Primera actuación a destacar. Marruecos logró organizar una consulta electoral con múltiples segmentos electorales en las excepcionales condiciones impuestas por una de las pandemias más persistentes del cambio de siglo. Las numerosas delegaciones de observadores extranjeros que vinieron para seguir el desarrollo de la votación señalaron que la apuesta democrática organizativa fue en gran medida un éxito.

Este éxito fue el resultado de una doble voluntad política. El de las autoridades marroquíes que insistieron en consagrar el libre ejercicio democrático de los ciudadanos, enriqueciendo al mismo tiempo uno de los legados más preciados en la materia. Y el de los ciudadanos marroquíes que abandonaron sus posturas abstencionistas para lanzarse masivamente a las urnas. La participación es muy honorable en un momento clave en el que la desafección política es una enfermedad generalizada.

La segunda gran lección que se puede aprender de las elecciones marroquíes, que le han valido la onda de choque que ha sacudido a todo el espacio árabe y musulmán, es la caída en las encuestas de los partidarios del Islamismo político. Tradicionalmente, los partidos islamistas no sueltan las riendas del poder a menos que sean impulsados ​​por un golpe militar como fue el caso en Egipto o institucional como es el caso hoy en Túnez. Los marroquíes han acertado en la apuesta excepcional de sacarlos de la foto de gobierno por el voto democrático. Lo que dice mucho sobre su impacto en la opinión, conciencia y determinación del votante marroquí. Un voto de sanción de una trascendencia sin precedentes.

En esta área, Marruecos creó el evento rompiendo un prejuicio que está arraigado en la mayoría de los think tanks políticos. Este último convencido de que debido a que el Islamismo político es la única fuerza organizada capaz de producir un discurso seductor y atractivo, no podría perder racionalmente ninguna boleta electoral en el espacio árabe.

Marruecos ha demostrado lo contrario, al mismo tiempo desmitificando estas ansiedades e inyectando en la esfera pública la esperanza de que las victorias del Islamismo político no fueran inevitables. Es probable que esta simple observación revolucione las prácticas democráticas en el mundo árabe, lo que indica que el ciudadano podría tener otra opción que la pavloviana hacia los partidarios del marco de referencia religioso.

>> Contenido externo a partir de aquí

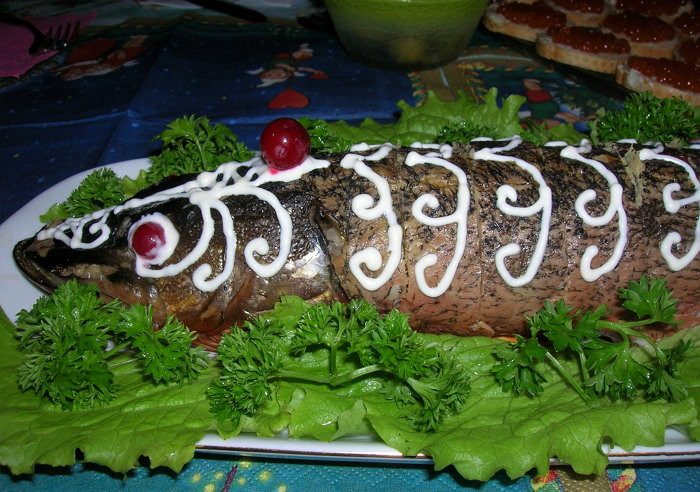 - Теперь готовой начинкой фаршируем рыбу, кладем её на противень. Выпекаем около часа. Готовую рыбу кладем на большое блюдо, кладем вокруг нарезанные овощи и подаем к столу.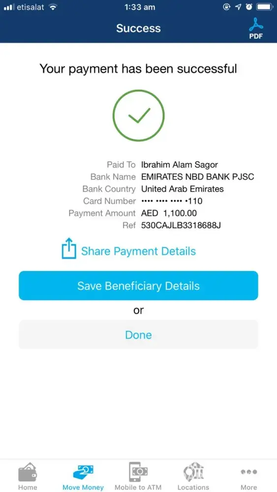 I used the mobile banking app to send money to the other bank/beneficiary. I sent to two beneficiary the first was on 19th (200aed) and second was on 22nd (1, 100aed) of this month. It was successfully transact and it instantly deducted from my account balance and so thats why Im expecting that everything will be fine. So I contacted my friends if they get the money they responded to me that they still didn't get it. So we wait until the weekend over. On Sunday (sep 23, 2018) a 200 aed got credited back on my account and I asked my receivers if they get it already and still no, none of them got those amount on their card. I kept calling customer service from ADIB and they kept telling me the same thing around to wait for another 24 hrs for the transaction. Ive heard a lot of options that they will contact the beneficiary/ other bank if they can check and give me a call but still I didn't receive any call back til' now. I even thought to cancel but they said they will charge me for 100 for cancellation. On my side why I am writing this complain, in the first place it's not even my fault. What is the reason why they made this mobile banking app? to provide an easier and faster transactions right? All I want is, to get/return the pending amount back (1100aed) that is still afloat. Thanks

Tercera lección y no menos importante. La tasa de participación que batió todos los récords, especialmente en las provincias del Sahara. Y debido a que estas fueron las primeras consultas en el período posterior al reconocimiento de Estados Unidos, este hallazgo de participación popular es una pista valiosa, cuya importancia política no ha pasado desapercibida para todos. Los marroquíes del Sahara han declarado enérgicamente su adhesión. Su participación debe compararse con la de Cabilia en Argelia, que hace mucho tiempo tomó la decisión estratégica de boicotear todas las elecciones y plantear importantes desafíos al poder central de Argel.

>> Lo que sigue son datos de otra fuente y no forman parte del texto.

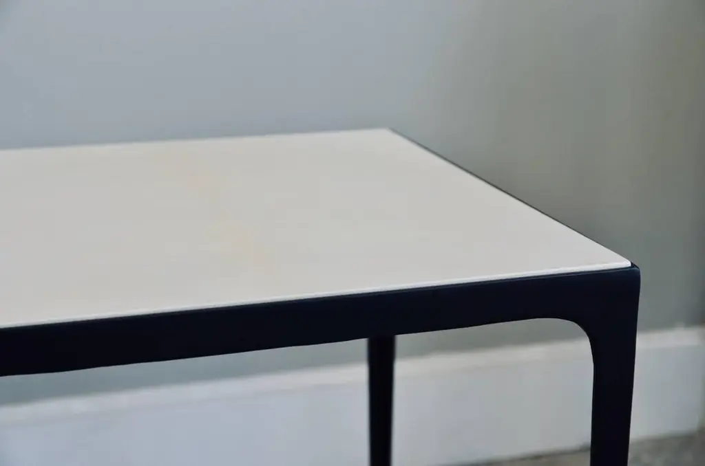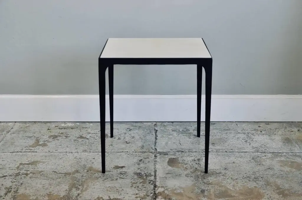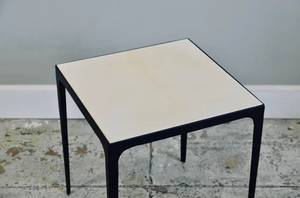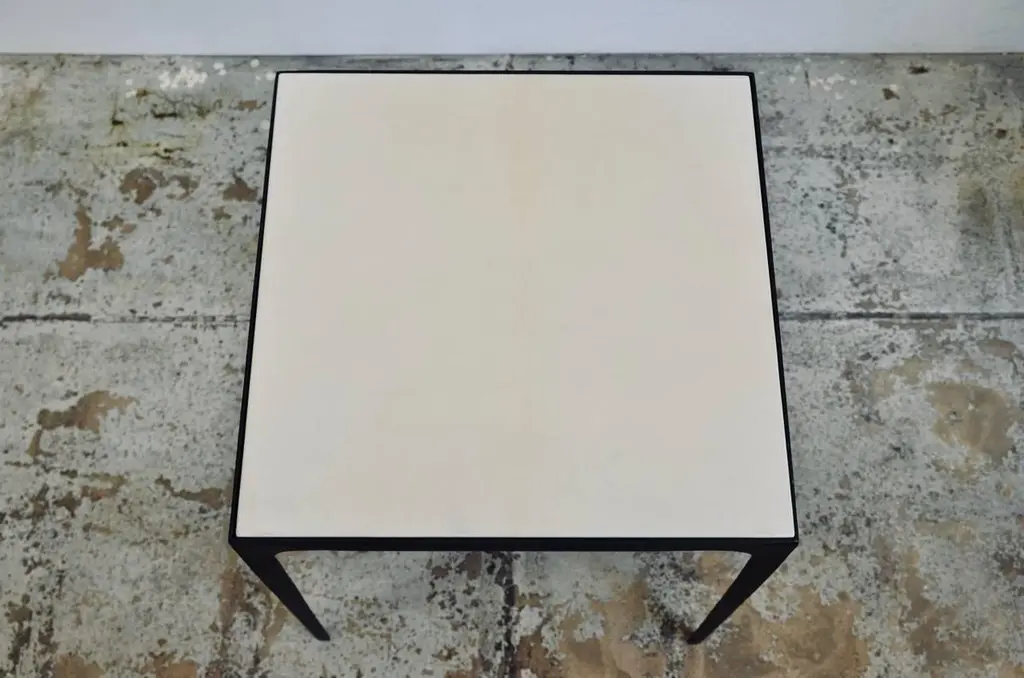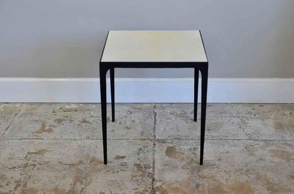'Esquisse' parchment and wrought iron side table by DESIGN FRÈRES.Hard to find real parchment top. Chic and understated.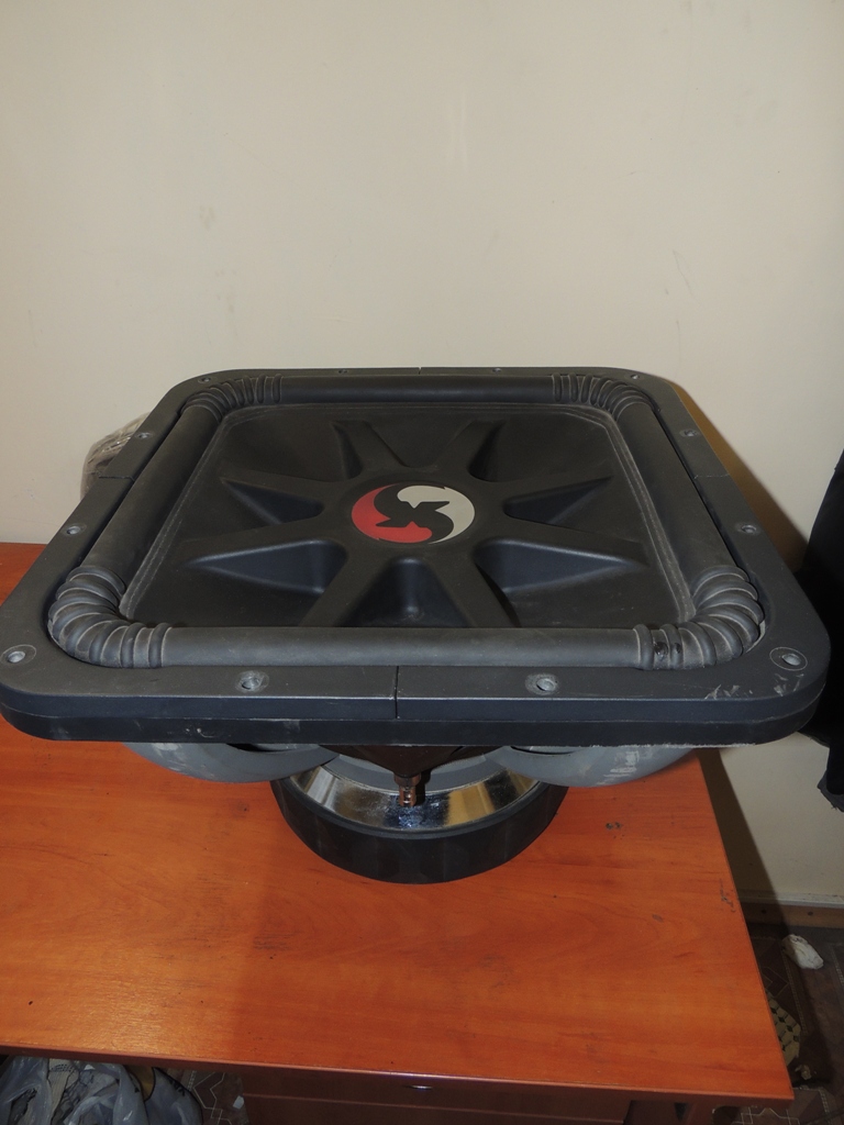 Не буду рекламировать, или пиарить. Большой 52 килограммовый квадрат 21 дюйм площадь диффузора. Номинальная мощность 5000 ватт.

Es una apuesta segura que algunas capitales europeas que aún dudan en seguir los pasos de los estadounidenses en lo que respecta al Sahara marroquí, se verán obligadas, por tanto, a revisar esta actitud de parquedad y desconfianza. Por la forma en que los saharauis marroquíes se apoderaron de las urnas para construir representaciones regionales y nacionales, ya no es necesario demostrar el plebiscito absoluto de su marroquídad. Esta manifestación de voluntad ha ocurrido ante los ojos de los observadores internacionales más imparciales.

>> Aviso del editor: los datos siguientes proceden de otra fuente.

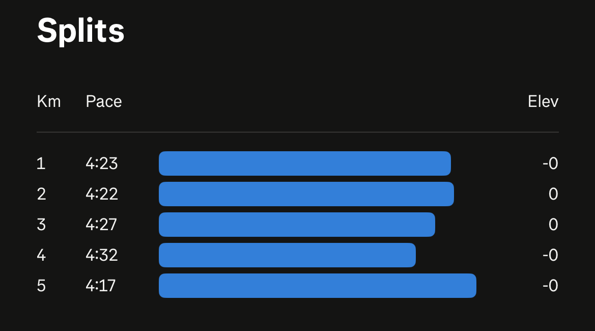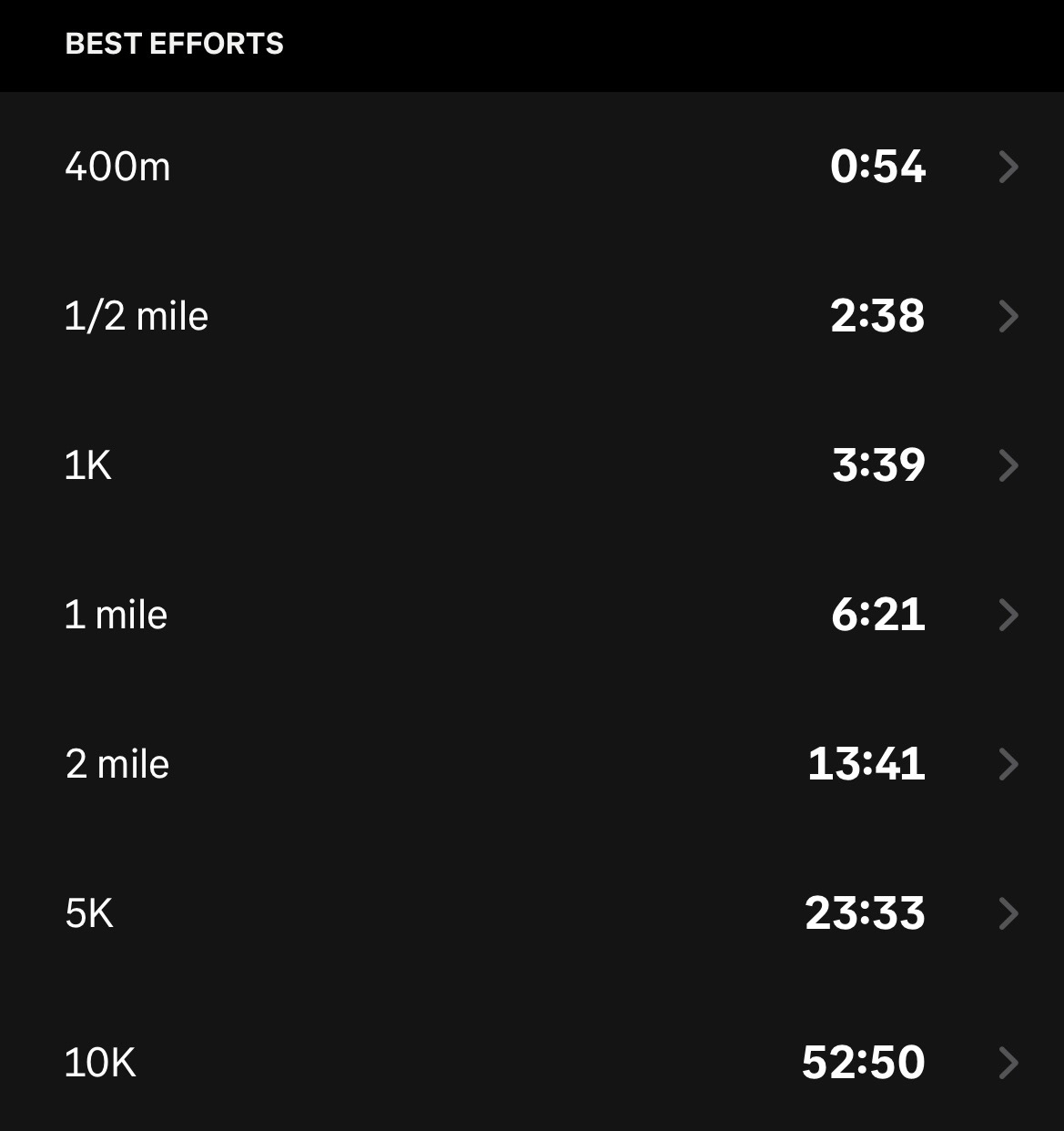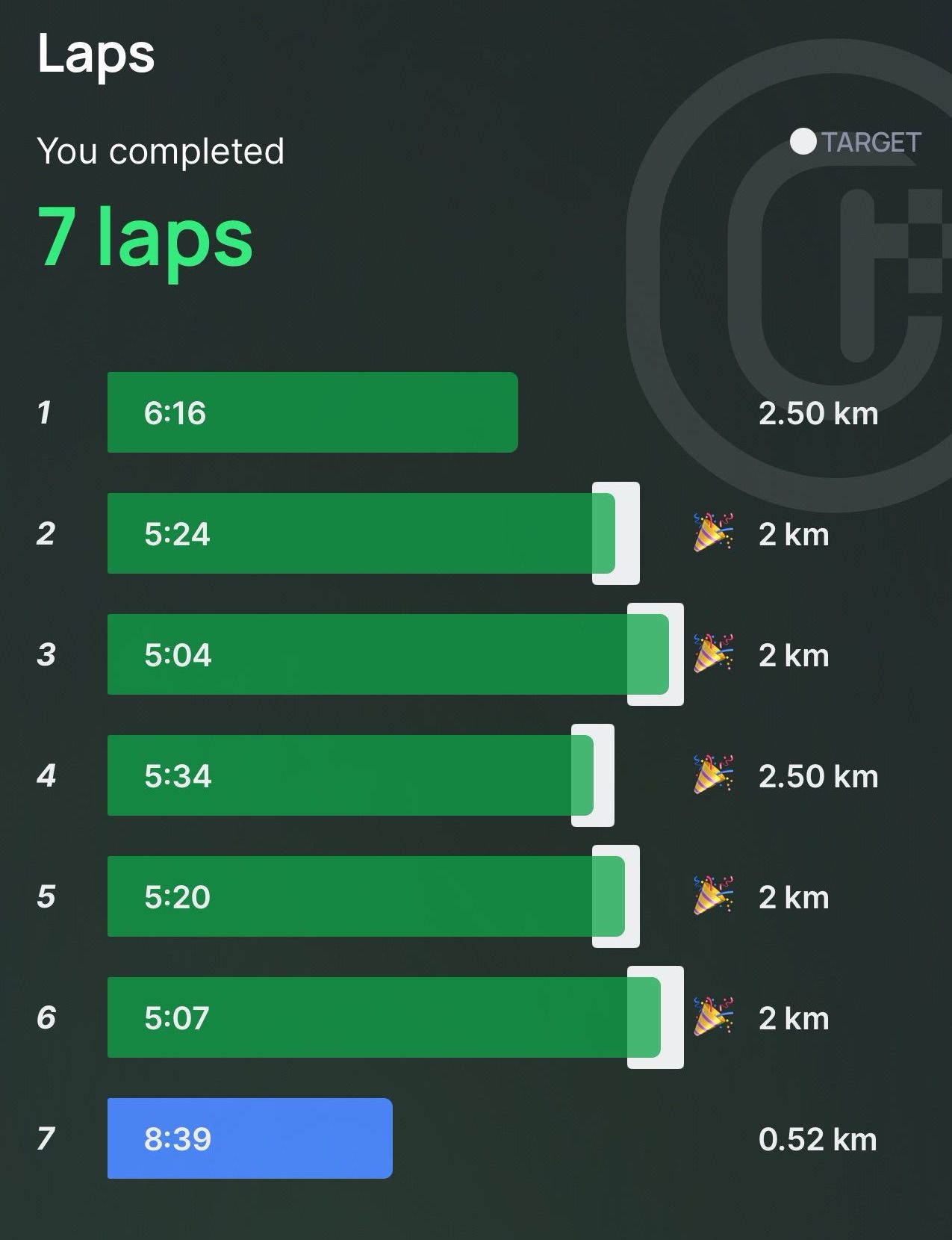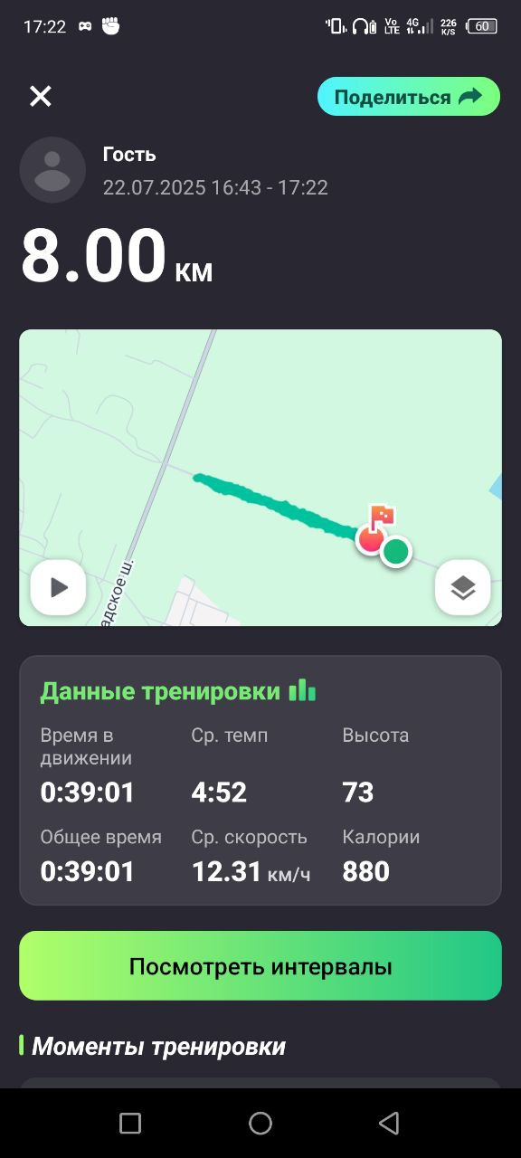 ~10 месяцев бега с нуля, курил до этого больше 10 лет, вот восстанавливаю теперь лёгкие и здоровье. Нарочно не выдавливал из себя максимальную скорость, но наверное стоит, чисто чтобы увидеть на что способен. А вообще смотрю и как-то грустно выглядят эти "рекорды", мне кажется за почти год можно было достичь значительно больше.

Este experimento democrático marroquí puso fin a una racha de casi una década en la que las fuerzas del Islamismo político imponían los ritmos respiratorios del país y de la región. La mayoría emergente dará a luz a un nuevo ejecutivo con un nuevo proyecto político, más acorde con los deseos de florecimiento de los marroquíes.

Es una buena apuesta por esta nueva experiencia que será analizada de cerca a nivel internacional para intentar averiguar cómo se gestiona una democracia que permitió a los islamistas llegar al poder por las urnas y que democrática y pacíficamente los expulsó del poder por las urnas. Marruecos, un país innovador, un laboratorio político al aire libre. La excepción marroquí vuelve a ser objeto de todas las atenciones y elogios.